* **Material shown**
━━━━

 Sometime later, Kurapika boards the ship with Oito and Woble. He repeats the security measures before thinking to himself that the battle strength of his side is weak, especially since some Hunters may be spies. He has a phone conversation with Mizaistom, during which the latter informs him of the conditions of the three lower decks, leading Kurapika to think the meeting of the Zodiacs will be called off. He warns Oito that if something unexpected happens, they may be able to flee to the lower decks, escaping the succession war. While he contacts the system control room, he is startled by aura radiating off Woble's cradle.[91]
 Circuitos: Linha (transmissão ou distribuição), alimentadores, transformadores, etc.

━━━━

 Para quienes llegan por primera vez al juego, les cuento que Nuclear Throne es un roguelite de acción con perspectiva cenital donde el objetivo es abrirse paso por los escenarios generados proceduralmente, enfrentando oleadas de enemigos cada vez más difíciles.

━━━━

With the line holding "Sometime later, Kurapika" as the first and the line holding "Circuitos: Linha (transmissão" as the last, set down that range of the entries above exactly, and nothing else.

 Sometime later, Kurapika boards the ship with Oito and Woble. He repeats the security measures before thinking to himself that the battle strength of his side is weak, especially since some Hunters may be spies. He has a phone conversation with Mizaistom, during which the latter informs him of the conditions of the three lower decks, leading Kurapika to think the meeting of the Zodiacs will be called off. He warns Oito that if something unexpected happens, they may be able to flee to the lower decks, escaping the succession war. While he contacts the system control room, he is startled by aura radiating off Woble's cradle.[91]
 Circuitos: Linha (transmissão ou distribuição), alimentadores, transformadores, etc.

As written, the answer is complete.